Payday loans are getting popular for people who need immediate funding for any emergency expenses, especially nowadays when there is a global financial crisis going on. A payday loan offers a financial solution by providing quick cash even for people with bad credit.
However, a payday loan is a not a one-size-fits-all solution because there are certain things that borrowers must consider.
Here’s why many people decided to take payday loans, despite the usual negative connotations:
PROS of Payday Loans
#1 Few requirements. Compared to traditional loans, a payday loan has significant few and basic requirements. Traditional lenders will usually require personal ID, Social Security number, proof of employment and income, and a credit check for them to see if you are financially capable. In payday loans the requirements are quite basic:
- Mus be at least 18 years of age
- Government-issued ID or Social Security number
- Regular source of income
- Active bank account
#2 Very easy to access. One of the best advantages of payday loan is that it provides quickest and easiest access to cash funding. The usual release of loan amount is within 24 hours therefore you can get the money you need quickly. Most payday loan lenders are also available 24/7 and accessible online. Interestingly, loan apps can quickly process loan applications in as little as five minutes.
#3 No credit checking. People with bad credit can easily take a payday loan since it does not require credit history.
#4 No collateral needed. Another key feature of a payday loan is that it falls under unsecured loans wherein it does not require any collateral. This will benefit the borrower since his property or car will not be at risk if ever there is failure in repayment.
CONS of Payday Loans
#1 Payday loans have high interest rates. What makes a payday loan incur a higher interest rate than the usual traditional type of loans is the fact that this falls under the unsecured loan category. This is one way for the lenders to balance off the risk they take when they approve an amount for a loan.

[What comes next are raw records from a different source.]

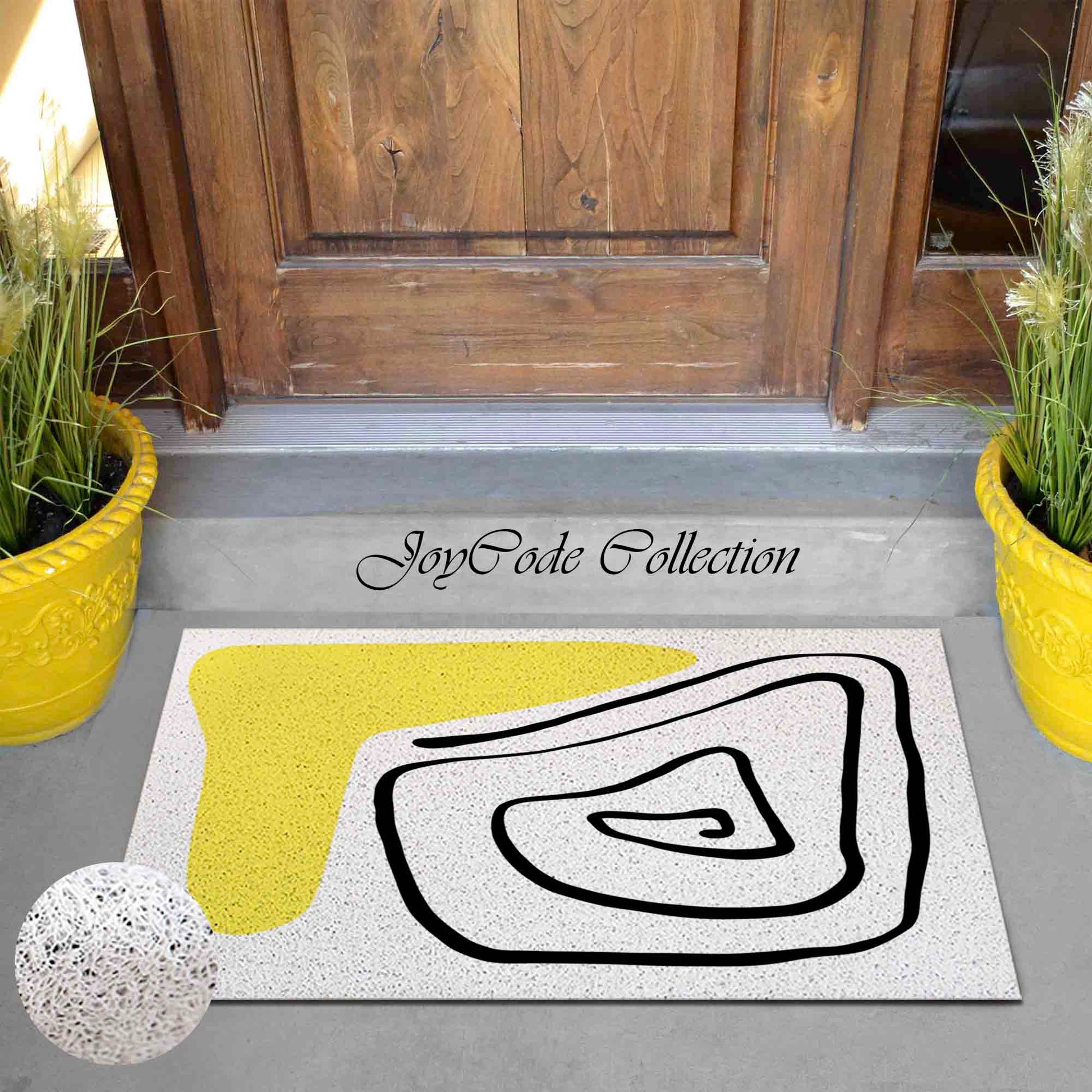 JoySwallow Modern Line and Yellow Block Art PVC Coil Entrance Door Mat, Irregular Blocks Anti-Skid Outdoor Mat, Simple Style Entryway Rug for Porch Courtyard
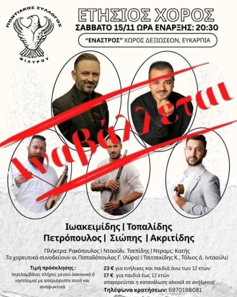 Στην αναβολή του ετήσιου χορού που είχε προγραμματιστεί για αύριο, Σάββατο, προχώρησε ο Ποντιακός Σύλλογος Φιλύρου.
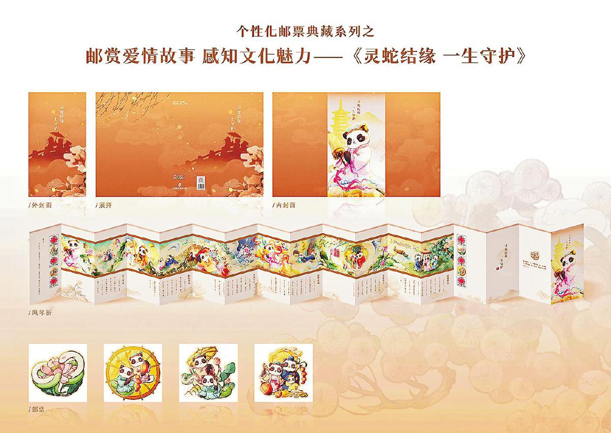 近日,國產(chǎn)動畫電影《白蛇·浮生》熱映,喚起了人們關(guān)于白蛇神話故事的美好回憶。圍繞《白蛇傳》這一國人家喻戶曉的經(jīng)典愛情故事,中國集郵繼續(xù)攜手原創(chuàng)IP形象“漢服熊貓”開發(fā)郵品,創(chuàng)新推出“白蛇傳”主題個性化郵票典藏風(fēng)琴折——《靈蛇結(jié)緣 一生守護(hù)》,以郵為媒,傳承經(jīng)典。
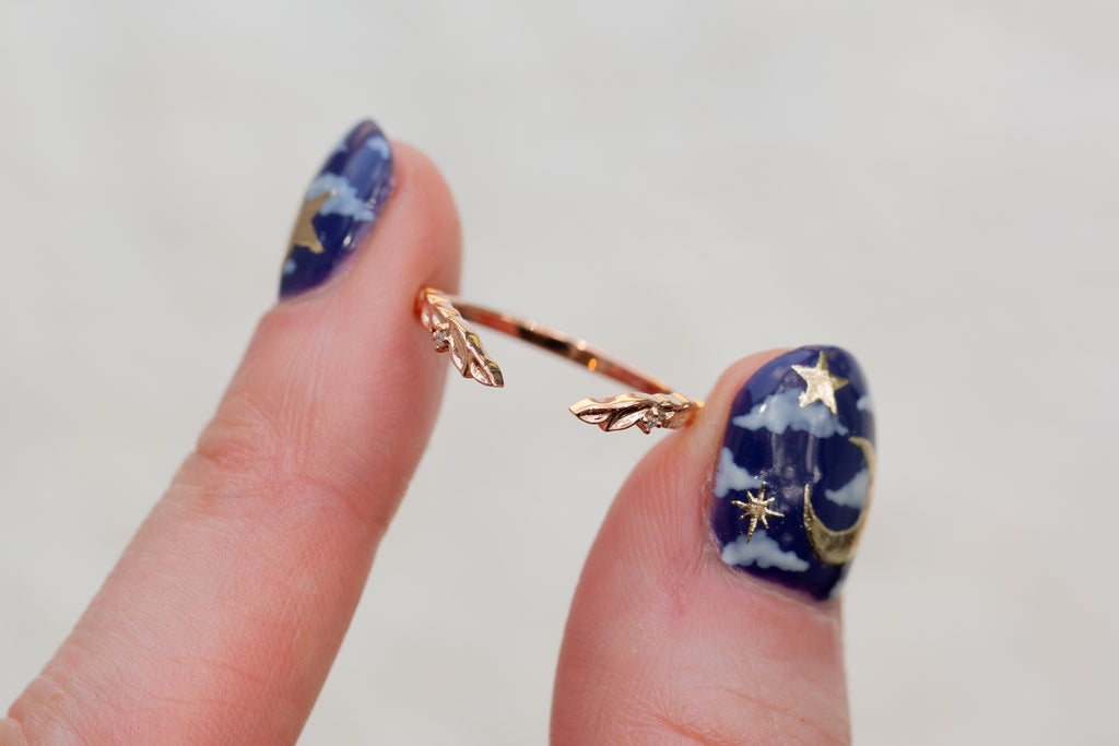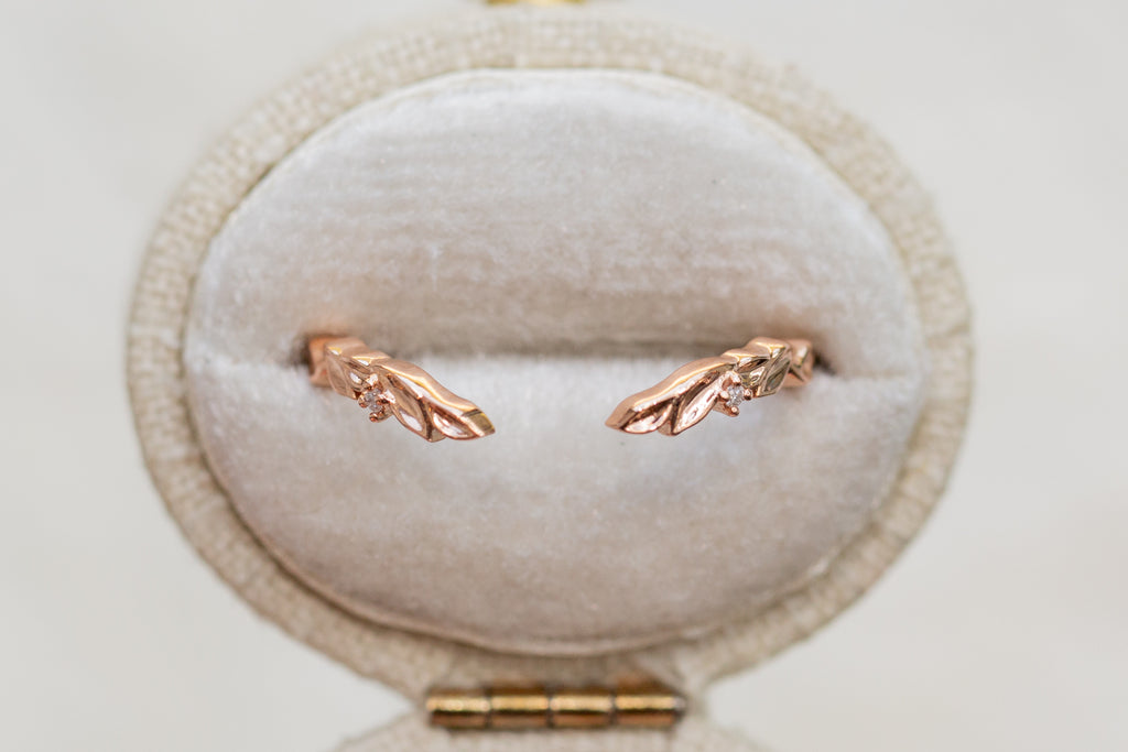 READY TO SHIP - Size 5.5, 14k rose gold Open Leaf wedding band

#2 Tendency to get trapped on a debt cycle. With higher interest rates and short repayment period, borrowers have the tendency to rollover or request for a loan extension which will incur additional charges.
Just like any other loans out there, there is always a good and a bad side to borrowing money. It becomes a good idea to apply or take out a loan if you will use the money to fund emergencies, daily necessities, for business or investment or to pay off a loan with a bigger interest rate, popularly known as debt consolidation. Loans and debts aren’t bad if your goal of having one would make your life better or would help you reach your financial goals. Remember that taking out a loan or having a debt is a huge responsibility that should never be taken for granted. The only way to be responsible is to pay your dues on time or before the deadline or pay in full before the term matures. If you will not be responsible enough, your loan can break your finances and will give you a lot of troubles in life.